**Recorded information:**
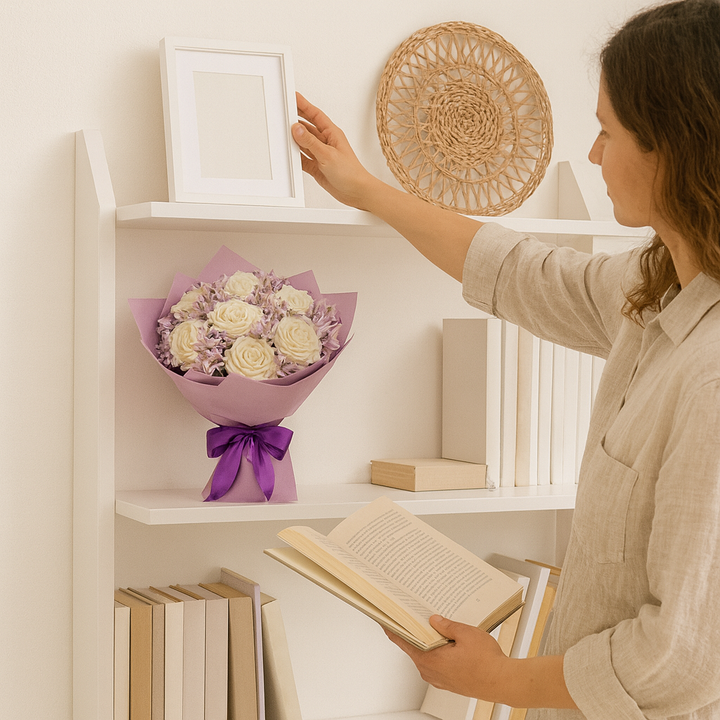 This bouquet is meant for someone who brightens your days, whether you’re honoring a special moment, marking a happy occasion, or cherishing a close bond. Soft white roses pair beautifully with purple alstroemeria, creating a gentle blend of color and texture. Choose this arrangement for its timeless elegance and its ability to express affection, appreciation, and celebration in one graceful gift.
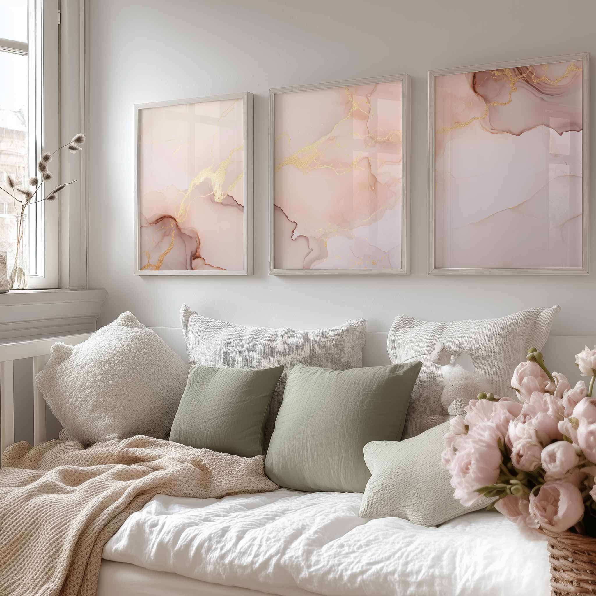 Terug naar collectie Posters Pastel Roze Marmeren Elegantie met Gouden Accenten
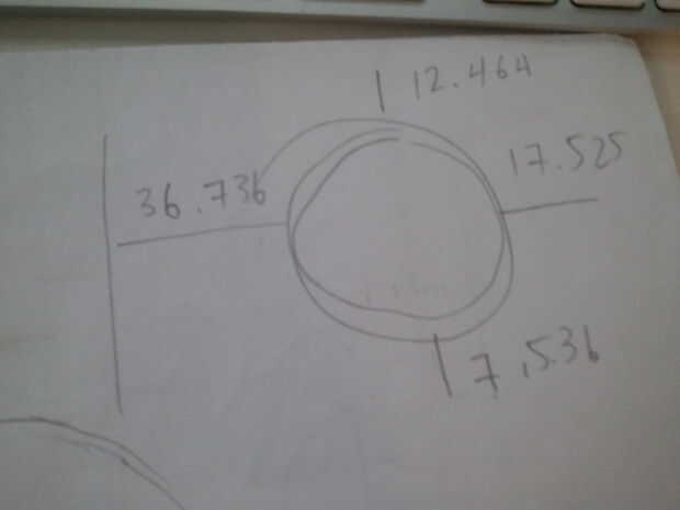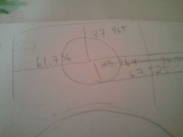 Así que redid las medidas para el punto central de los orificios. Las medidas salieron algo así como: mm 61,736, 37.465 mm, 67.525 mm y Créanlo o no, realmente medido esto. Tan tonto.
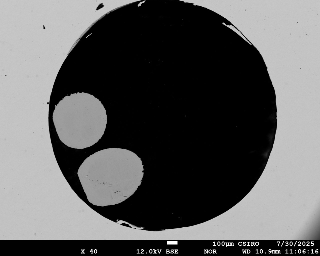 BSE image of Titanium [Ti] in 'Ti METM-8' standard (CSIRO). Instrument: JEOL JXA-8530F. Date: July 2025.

...

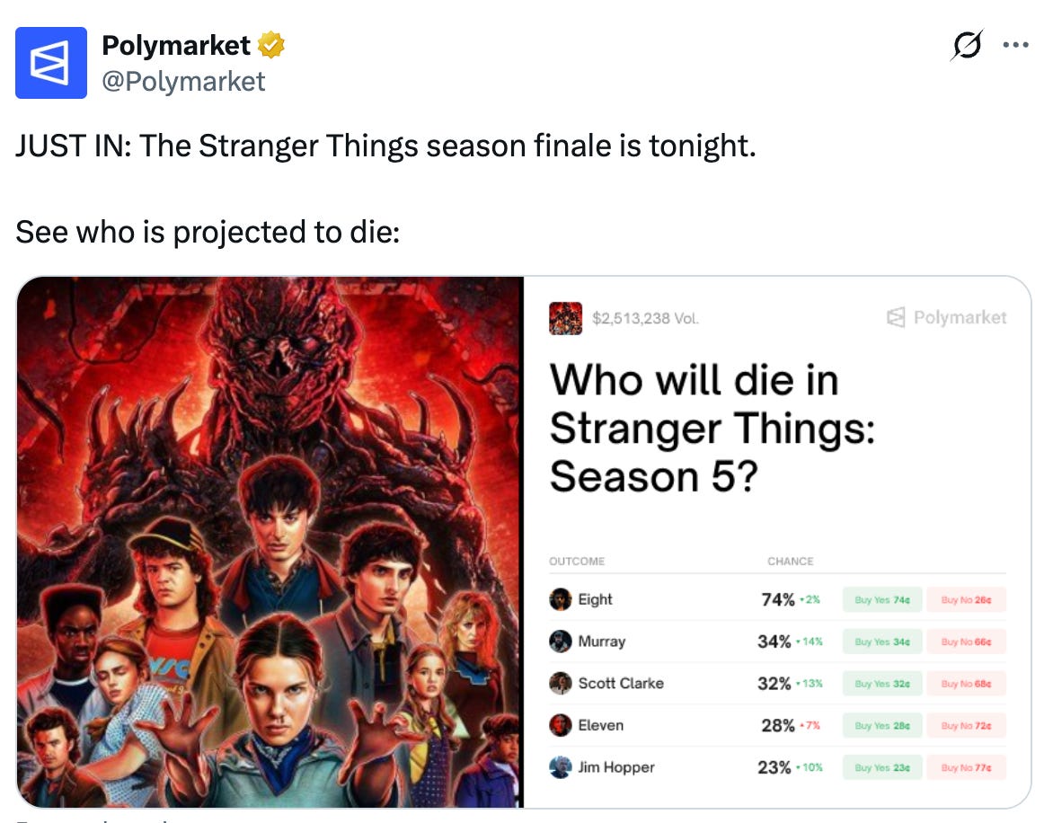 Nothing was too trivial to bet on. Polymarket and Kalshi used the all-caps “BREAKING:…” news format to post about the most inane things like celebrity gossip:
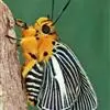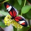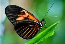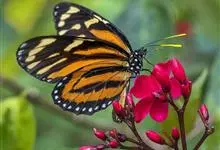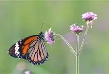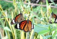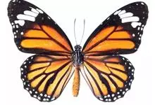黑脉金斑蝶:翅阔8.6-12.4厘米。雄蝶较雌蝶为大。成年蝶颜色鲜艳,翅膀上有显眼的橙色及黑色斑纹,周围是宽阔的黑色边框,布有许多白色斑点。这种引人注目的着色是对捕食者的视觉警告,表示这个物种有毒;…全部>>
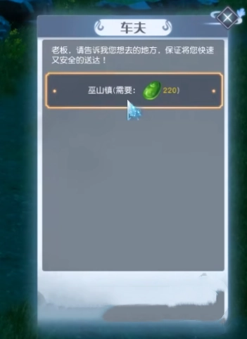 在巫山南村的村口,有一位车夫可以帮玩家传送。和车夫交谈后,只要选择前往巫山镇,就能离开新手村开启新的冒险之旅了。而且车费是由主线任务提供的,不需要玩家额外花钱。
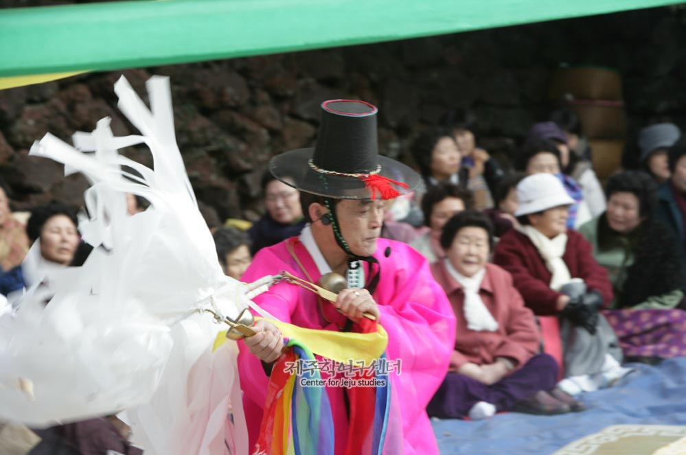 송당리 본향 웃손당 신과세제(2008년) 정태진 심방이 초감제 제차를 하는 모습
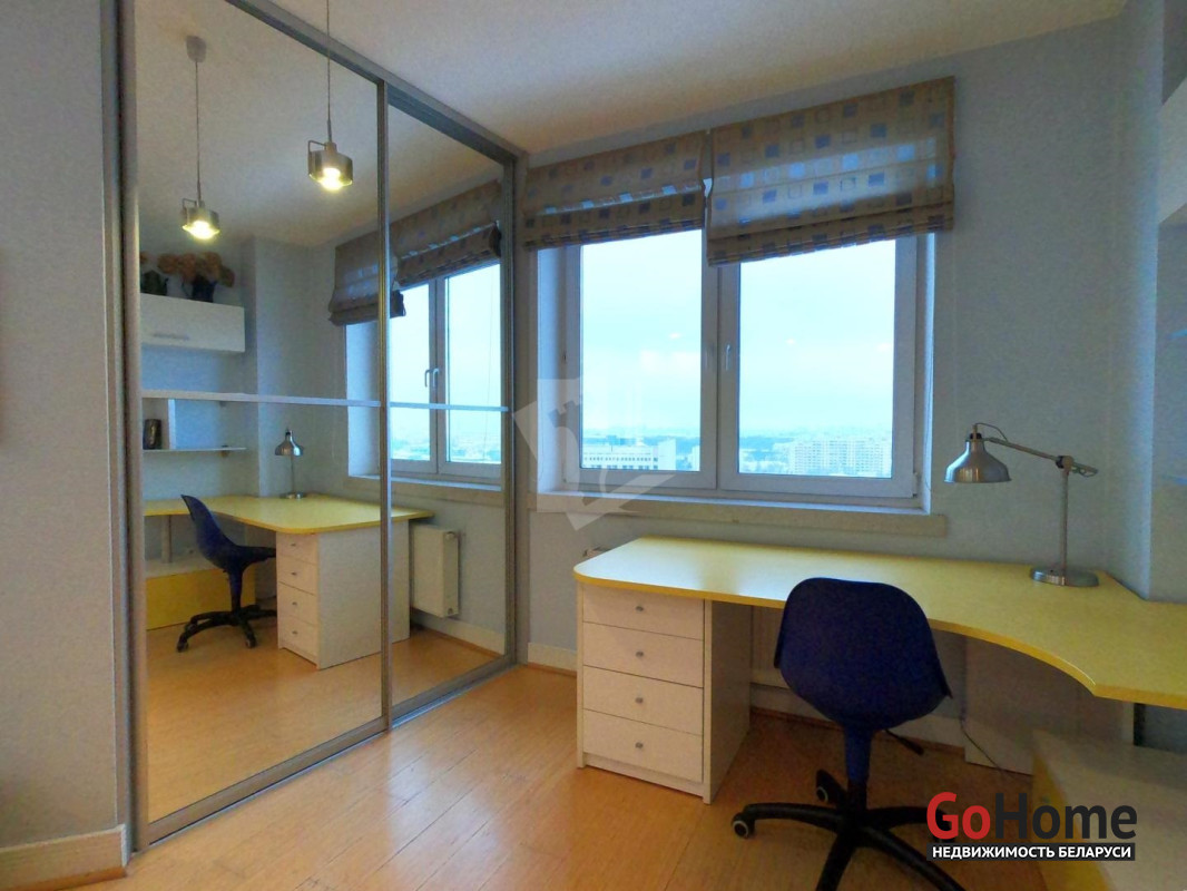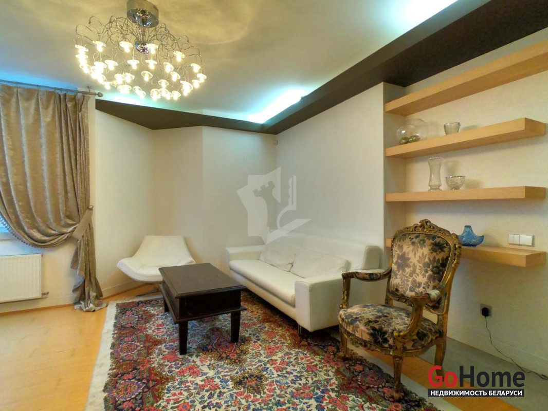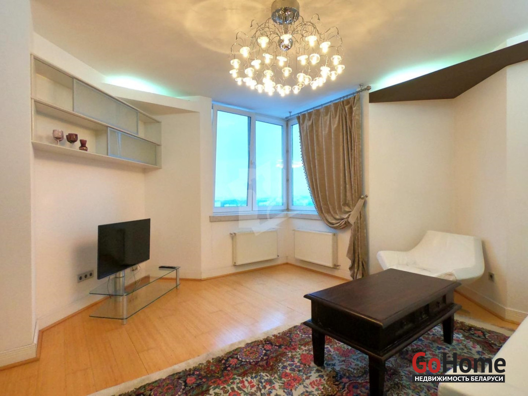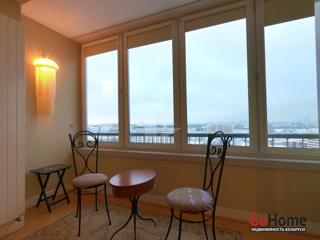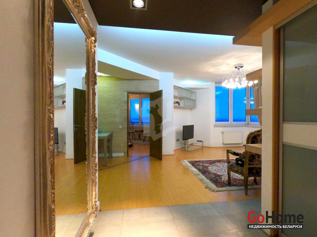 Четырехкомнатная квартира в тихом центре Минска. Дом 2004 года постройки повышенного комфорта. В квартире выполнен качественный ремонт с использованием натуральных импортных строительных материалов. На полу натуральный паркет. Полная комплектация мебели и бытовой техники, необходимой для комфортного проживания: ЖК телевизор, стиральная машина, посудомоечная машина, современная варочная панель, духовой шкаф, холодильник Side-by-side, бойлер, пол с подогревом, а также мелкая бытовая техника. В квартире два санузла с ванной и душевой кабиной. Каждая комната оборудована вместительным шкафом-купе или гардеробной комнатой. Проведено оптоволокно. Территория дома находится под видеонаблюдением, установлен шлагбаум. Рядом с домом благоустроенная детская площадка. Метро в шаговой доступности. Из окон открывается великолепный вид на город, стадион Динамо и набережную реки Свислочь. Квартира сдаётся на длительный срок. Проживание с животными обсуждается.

**Task directions:**
Copy only the lines above from the one containing "黑脉金斑蝶:翅阔8.6-12" through the one containing "송당리 본향 웃손당 신과세제(2008년) 정태진 심방이 초감제 제차를 하는 모습", both included. Leave out the pictures.

**Result:**
黑脉金斑蝶:翅阔8.6-12.4厘米。雄蝶较雌蝶为大。成年蝶颜色鲜艳,翅膀上有显眼的橙色及黑色斑纹,周围是宽阔的黑色边框,布有许多白色斑点。这种引人注目的着色是对捕食者的视觉警告,表示这个物种有毒;…全部>>
 在巫山南村的村口,有一位车夫可以帮玩家传送。和车夫交谈后,只要选择前往巫山镇,就能离开新手村开启新的冒险之旅了。而且车费是由主线任务提供的,不需要玩家额外花钱。
 송당리 본향 웃손당 신과세제(2008년) 정태진 심방이 초감제 제차를 하는 모습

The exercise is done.